Thanks BA, you've given me my goal for the rest of the season.


----------



## CassMT (Mar 14, 2013)

njfastlfie said:


> i have only attempted them 3-4 times but i can't seem to figure them out.


 3-4 attempts is probably too soon to even start a thread about it. theres really not much to tell, something you just learn by doing a lot. all the glades are different, so, thank god, there is no paceing or formula to learn, it's not like running gates or some kind of controlled environment like the park. you will fall, you may hook a tree, or a tree may hook you, shit happens. it's still worth it, cuz here anyway, the deeper and darker you are willing to go, the greater the pow reward


----------



## JH84 (Nov 30, 2014)

Like others said.. When I first started riding trees the best advice I ever got was to look at my path, not the trees  

Just do it a lot and you'll slowly gain confidence.


----------



## snowklinger (Aug 30, 2011)

Secret Tree Training: Moguls.

All the skills you need to ride trees without the face smashing obstacles.

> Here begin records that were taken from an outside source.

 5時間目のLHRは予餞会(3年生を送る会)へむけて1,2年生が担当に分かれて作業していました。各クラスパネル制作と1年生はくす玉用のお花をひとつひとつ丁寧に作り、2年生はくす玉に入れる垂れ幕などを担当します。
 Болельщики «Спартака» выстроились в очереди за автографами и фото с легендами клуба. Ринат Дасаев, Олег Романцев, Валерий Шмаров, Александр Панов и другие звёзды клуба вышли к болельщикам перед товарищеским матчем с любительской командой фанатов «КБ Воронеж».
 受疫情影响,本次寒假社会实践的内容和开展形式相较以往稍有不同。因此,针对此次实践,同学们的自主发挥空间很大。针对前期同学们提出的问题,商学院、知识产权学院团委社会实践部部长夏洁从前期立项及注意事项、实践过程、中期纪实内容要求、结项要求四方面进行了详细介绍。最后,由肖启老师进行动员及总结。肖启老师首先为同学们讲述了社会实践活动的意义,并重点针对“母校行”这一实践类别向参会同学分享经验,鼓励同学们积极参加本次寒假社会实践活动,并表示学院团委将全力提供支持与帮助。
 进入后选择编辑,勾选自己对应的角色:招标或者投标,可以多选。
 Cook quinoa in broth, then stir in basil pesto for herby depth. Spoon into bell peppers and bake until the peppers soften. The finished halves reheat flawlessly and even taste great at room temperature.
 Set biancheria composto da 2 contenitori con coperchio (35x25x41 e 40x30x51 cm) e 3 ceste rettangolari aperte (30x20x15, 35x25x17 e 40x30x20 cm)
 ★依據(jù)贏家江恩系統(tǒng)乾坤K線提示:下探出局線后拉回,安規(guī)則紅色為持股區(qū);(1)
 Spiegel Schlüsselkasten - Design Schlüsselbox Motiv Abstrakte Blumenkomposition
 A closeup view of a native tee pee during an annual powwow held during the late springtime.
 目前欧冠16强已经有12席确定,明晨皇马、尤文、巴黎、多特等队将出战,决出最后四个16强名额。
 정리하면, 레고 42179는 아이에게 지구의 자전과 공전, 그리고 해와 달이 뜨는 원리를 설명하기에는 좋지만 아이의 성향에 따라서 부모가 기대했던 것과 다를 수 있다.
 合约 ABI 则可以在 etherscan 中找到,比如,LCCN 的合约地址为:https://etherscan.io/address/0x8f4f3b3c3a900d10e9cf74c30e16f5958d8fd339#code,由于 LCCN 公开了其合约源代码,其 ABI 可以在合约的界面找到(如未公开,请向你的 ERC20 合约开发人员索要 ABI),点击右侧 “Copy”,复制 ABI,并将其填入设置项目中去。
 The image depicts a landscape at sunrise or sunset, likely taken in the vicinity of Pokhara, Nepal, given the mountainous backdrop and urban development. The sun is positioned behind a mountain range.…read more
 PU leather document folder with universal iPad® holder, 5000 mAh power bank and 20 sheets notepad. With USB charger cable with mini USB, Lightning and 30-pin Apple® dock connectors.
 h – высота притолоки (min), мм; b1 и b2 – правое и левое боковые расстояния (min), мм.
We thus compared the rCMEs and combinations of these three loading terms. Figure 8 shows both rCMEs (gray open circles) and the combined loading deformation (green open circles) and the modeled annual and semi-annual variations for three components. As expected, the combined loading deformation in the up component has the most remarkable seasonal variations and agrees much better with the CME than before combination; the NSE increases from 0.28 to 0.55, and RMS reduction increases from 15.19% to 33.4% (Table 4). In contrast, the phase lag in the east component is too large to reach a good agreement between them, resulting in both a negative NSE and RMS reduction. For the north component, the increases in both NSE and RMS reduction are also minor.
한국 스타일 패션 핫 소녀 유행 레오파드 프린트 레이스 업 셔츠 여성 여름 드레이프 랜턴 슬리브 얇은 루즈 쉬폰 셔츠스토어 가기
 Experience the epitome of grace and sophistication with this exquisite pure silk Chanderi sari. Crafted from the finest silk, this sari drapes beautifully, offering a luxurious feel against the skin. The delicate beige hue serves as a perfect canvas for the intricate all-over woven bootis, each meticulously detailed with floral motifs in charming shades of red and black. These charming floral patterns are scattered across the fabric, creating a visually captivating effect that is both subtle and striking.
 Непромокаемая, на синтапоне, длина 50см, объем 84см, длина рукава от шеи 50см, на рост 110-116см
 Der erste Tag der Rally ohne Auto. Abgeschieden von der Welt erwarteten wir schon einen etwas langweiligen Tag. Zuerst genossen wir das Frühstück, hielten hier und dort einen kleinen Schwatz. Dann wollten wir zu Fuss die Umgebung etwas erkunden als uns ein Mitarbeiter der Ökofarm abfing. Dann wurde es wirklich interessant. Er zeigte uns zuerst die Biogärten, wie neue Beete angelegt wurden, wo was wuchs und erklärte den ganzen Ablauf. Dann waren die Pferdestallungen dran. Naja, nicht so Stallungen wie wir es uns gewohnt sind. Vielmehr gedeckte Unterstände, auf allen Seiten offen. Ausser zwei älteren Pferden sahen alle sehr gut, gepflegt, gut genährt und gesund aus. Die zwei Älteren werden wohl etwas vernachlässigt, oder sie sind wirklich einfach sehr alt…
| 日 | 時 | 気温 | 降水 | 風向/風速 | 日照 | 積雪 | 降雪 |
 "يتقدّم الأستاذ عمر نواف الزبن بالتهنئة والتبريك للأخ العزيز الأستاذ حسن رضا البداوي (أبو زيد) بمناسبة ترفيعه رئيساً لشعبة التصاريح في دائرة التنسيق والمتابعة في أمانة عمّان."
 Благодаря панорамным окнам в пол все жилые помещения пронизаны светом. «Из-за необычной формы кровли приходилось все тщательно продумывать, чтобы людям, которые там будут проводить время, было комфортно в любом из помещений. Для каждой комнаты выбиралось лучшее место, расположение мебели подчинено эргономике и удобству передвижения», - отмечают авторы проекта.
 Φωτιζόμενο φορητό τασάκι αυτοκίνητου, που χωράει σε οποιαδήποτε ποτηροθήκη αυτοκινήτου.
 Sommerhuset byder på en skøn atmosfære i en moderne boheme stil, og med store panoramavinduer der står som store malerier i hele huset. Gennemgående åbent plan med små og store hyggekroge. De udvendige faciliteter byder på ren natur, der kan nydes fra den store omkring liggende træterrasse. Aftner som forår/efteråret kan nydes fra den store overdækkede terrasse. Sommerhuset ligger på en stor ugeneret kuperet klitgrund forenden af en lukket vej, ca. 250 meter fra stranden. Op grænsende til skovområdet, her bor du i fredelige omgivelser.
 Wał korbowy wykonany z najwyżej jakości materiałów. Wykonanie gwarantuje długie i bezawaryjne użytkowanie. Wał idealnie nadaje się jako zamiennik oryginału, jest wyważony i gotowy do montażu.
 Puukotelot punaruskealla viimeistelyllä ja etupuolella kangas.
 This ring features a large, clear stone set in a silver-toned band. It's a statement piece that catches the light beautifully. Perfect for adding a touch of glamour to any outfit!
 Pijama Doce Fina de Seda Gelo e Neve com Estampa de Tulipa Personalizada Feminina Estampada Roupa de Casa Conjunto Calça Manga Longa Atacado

Mogul riding may not be fun or something you do on purpose, but finding yourself at the top of a mogul field and knowing you are going to crush it, is just like tree riding.

If you can't pull off a confident run (little pops, airs, no stopping, consistent speed, both toe and heelside turns) down a mogul field, probably best to stay out of the trees lest you become ornamental.


----------



## Ballistic_BW (Jan 12, 2015)

Like others have said. It's about being proactive and picking your path. I try to have 2-3 turns planned out ahead at all times. Not only makes riding trees much easier but you can make sure you hit the best powder pockets. The worst thing you can be in the trees is reactive. 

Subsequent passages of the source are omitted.